TASK REQUIREMENTS – The lines below, from the one containing "o 2005년 09월" through the one containing "Check out this", should be set down exactly, with no pictures and nothing else.

INPUT DATA –
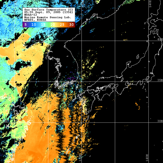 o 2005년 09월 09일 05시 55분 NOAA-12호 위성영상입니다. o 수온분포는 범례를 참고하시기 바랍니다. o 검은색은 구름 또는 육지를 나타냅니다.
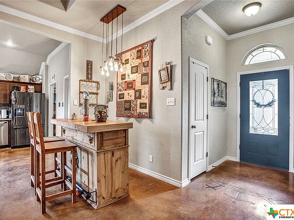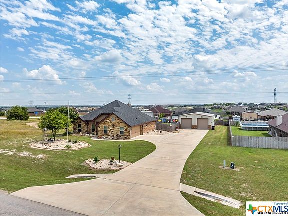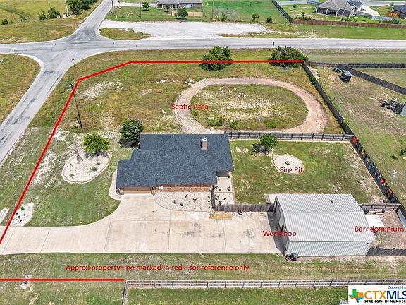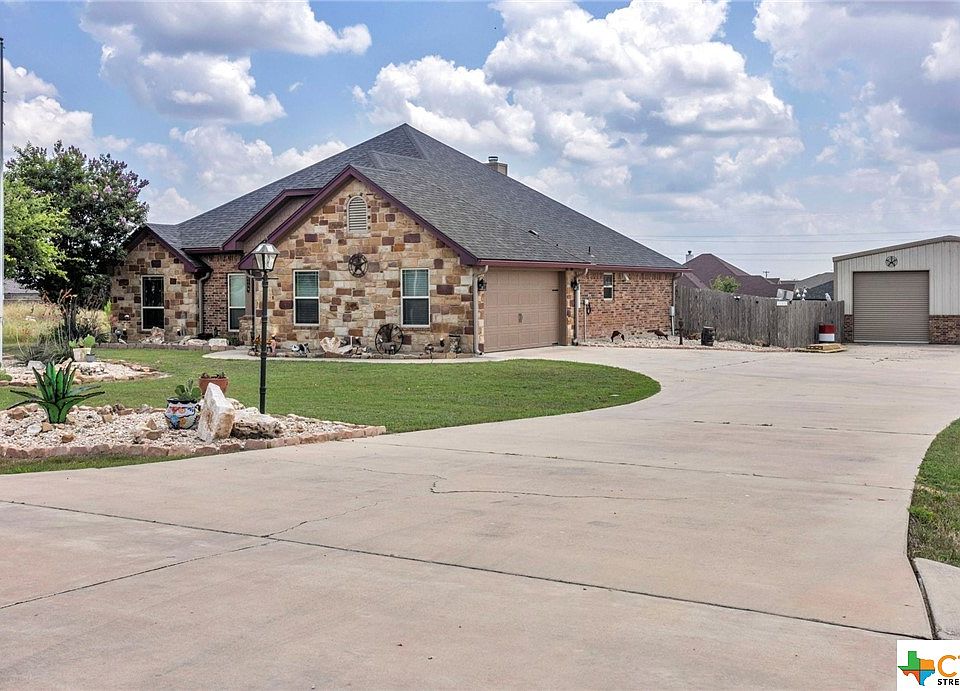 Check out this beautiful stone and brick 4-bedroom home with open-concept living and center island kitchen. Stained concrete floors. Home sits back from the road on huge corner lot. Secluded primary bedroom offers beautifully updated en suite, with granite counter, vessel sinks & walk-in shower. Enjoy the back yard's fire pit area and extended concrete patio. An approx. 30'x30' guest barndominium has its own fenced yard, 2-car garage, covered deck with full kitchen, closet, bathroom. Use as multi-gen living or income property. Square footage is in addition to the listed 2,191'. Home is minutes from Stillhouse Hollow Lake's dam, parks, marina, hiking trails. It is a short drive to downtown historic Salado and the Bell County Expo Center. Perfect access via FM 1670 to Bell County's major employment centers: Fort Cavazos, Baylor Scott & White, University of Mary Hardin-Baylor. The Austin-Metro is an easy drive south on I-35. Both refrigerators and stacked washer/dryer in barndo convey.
==
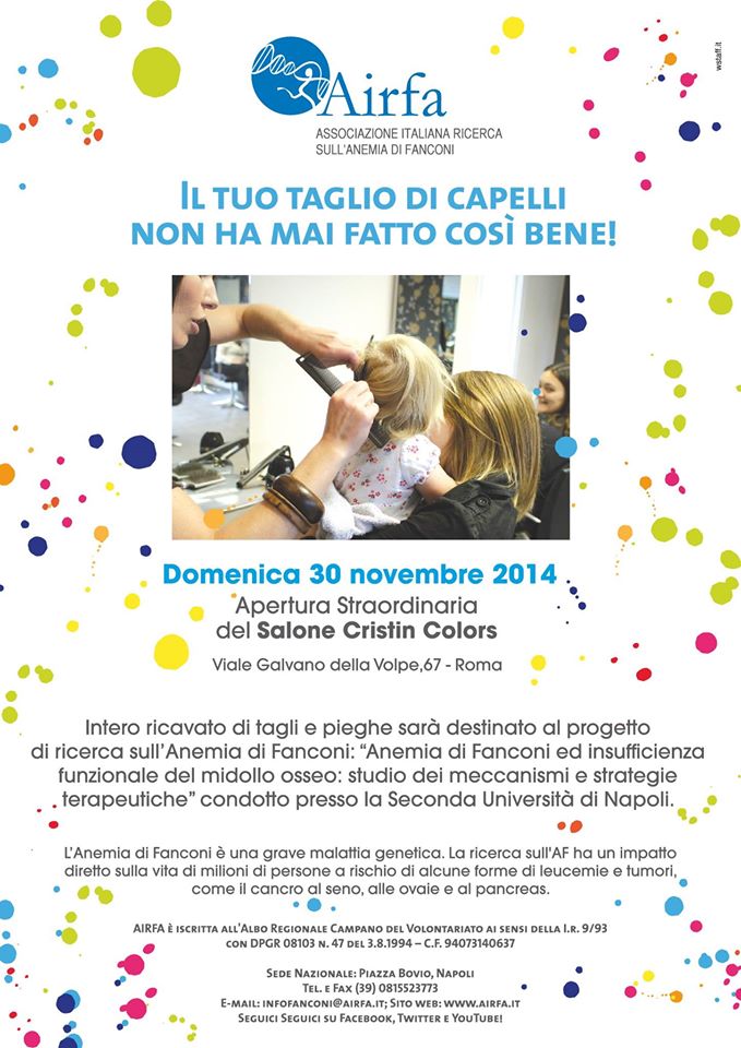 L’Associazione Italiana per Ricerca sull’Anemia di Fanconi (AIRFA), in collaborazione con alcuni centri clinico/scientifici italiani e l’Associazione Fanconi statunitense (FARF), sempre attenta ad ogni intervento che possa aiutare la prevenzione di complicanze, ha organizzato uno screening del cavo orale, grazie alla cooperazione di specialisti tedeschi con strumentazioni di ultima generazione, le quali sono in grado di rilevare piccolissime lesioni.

TASK RESPONSE –
 o 2005년 09월 09일 05시 55분 NOAA-12호 위성영상입니다. o 수온분포는 범례를 참고하시기 바랍니다. o 검은색은 구름 또는 육지를 나타냅니다.
 Check out this beautiful stone and brick 4-bedroom home with open-concept living and center island kitchen. Stained concrete floors. Home sits back from the road on huge corner lot. Secluded primary bedroom offers beautifully updated en suite, with granite counter, vessel sinks & walk-in shower. Enjoy the back yard's fire pit area and extended concrete patio. An approx. 30'x30' guest barndominium has its own fenced yard, 2-car garage, covered deck with full kitchen, closet, bathroom. Use as multi-gen living or income property. Square footage is in addition to the listed 2,191'. Home is minutes from Stillhouse Hollow Lake's dam, parks, marina, hiking trails. It is a short drive to downtown historic Salado and the Bell County Expo Center. Perfect access via FM 1670 to Bell County's major employment centers: Fort Cavazos, Baylor Scott & White, University of Mary Hardin-Baylor. The Austin-Metro is an easy drive south on I-35. Both refrigerators and stacked washer/dryer in barndo convey.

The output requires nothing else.